My post showing that ||2|| has the universal property of the interval
(judgementally for the first order equations and propositional for the
second order equations) was in this thread, back in July:
https://groups.google.com/forum/#!topic/homotopytypetheory/KyJZKbbr1SM
The proof is easy and short. The only trick is to come up with a
suitable proposition to work with.
Assume a type two with points 0,1:2, and let ||-|| denote the
(-1)-truncation.
Define I = ||2||, and let seg : |0| = |1| the path arising from the
definition of ||-|| (I call it the "truncation path").
The end-points of I are taken to be |0| and |1|, of course.
Given points x0,x1:X and a path p:x0=x1, we wish to build g:I->X such
that g|0|=x0 and g|1|=x1 (judgementally), and ap g seg = p
(propositionally).
The trouble is that X is not assumed to be a proposition, and hence
the recursion principle for ||-|| can't be used.
So work instead with paths-from x0, i.e. Sigma(x:X).x0=x, which is a
proposition.
Now define f:2->paths-from x0 by
f 0 = (x0, refl)
f 1 = (x1, p)
By the recursion principle for ||-||, f "extends" to
g':||2||->paths-from x0.
Now define g:||2||->X to be g' composed with the first projection,
which I call "endpoint" in this discussion.
You can check that g|0|=x0 and g|1|=x1 judgementally, by simply
expanding the definitions (or with Agda, as the proof refl is accepted).
The proof that ap g seg = p is equally easy. It suffices to consider
x0,x1 the same, say x, and p=refl x, in a proof by induction.
We have, in this case,
ap g' seg = refl (x,refl x),
using the fact that ||2|| is an proposition and hence an set.
Applying the first projection (called "end-point") to this path, we
get
ap end-point (ap g' seg) = ap end-point (refl (x,refl x)),
Now the lhs is equal to
ap (end-point o g') seg
and in turn, by the definition of g, to
ap g seg.
And the rhs is refl by the definition of ap.
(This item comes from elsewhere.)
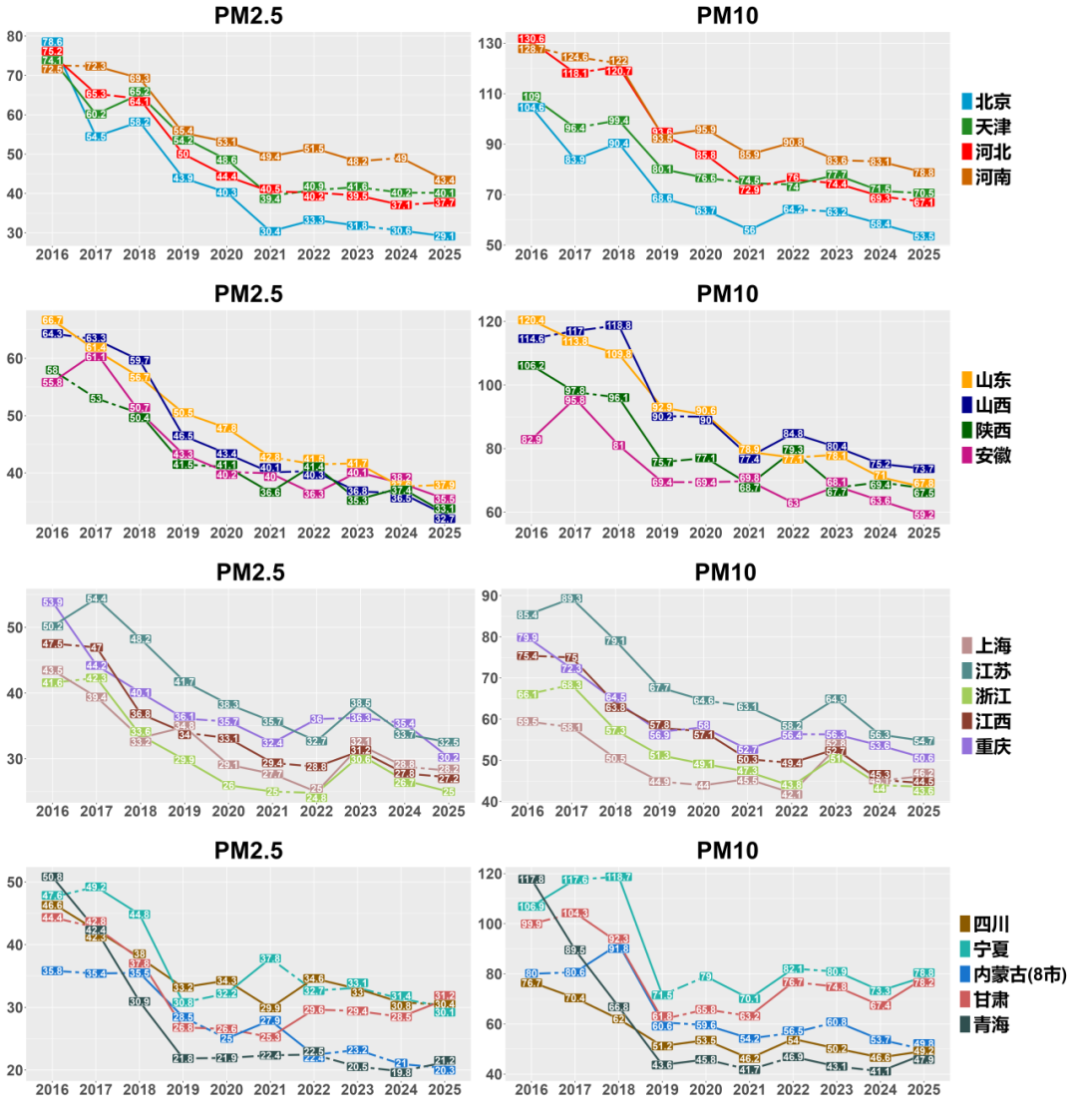 初步评估显示,新增城市呈现出与中东部不同的污染特征。2025年,甘肃酒泉、张掖、临夏等城市PM10年均浓度位居177个城市前列,粗颗粒物问题突出;青海西宁、海东等地一氧化碳浓度相对较高。同时,两省部分城市在2025年出现颗粒物的反弹迹象——甘肃PM2.5与PM10浓度同比分别上升9.5%和16.1%,青海PM10浓度亦有回升。这些新纳入的城市为理解西部地区的污染成因和治理需求提供了重要样本,也提示下一阶段政策需更加关注区域差异化特征。

Putting this together, we get
ap g seg = refl
and our proof by induction is complete. Q.E.D.
Moreover, it is known that recursion on I gives induction. However, as
far as I know, it doesn't give it judgementally. Hence in the Agda
file I also include a proof that the induction principle for the
interval does hold judgementally if we take I=||2||.
Additionally, the above proof technique can be used to show that if a
function f:X->Y factors through |-|:X->||X||, then we can find a
judgemental factorization. Also in that file. Nicolai then used this
to define his mysterious pseudo-inverse of |-|:X->||X||.
To conclude, here is an observation. We discussed constancy (many
times) in this list.
Mike's definition is that f:X->Y is constant iff we are in possession
of y:Y such that f=\lambda x.y. Let's adopt this terminology. (In the
Agda file I call this "constant-valued".)
It is easy to see that f:X->Y has a factor through |-|:X->||X|| iff
||X||->constant f.
Martin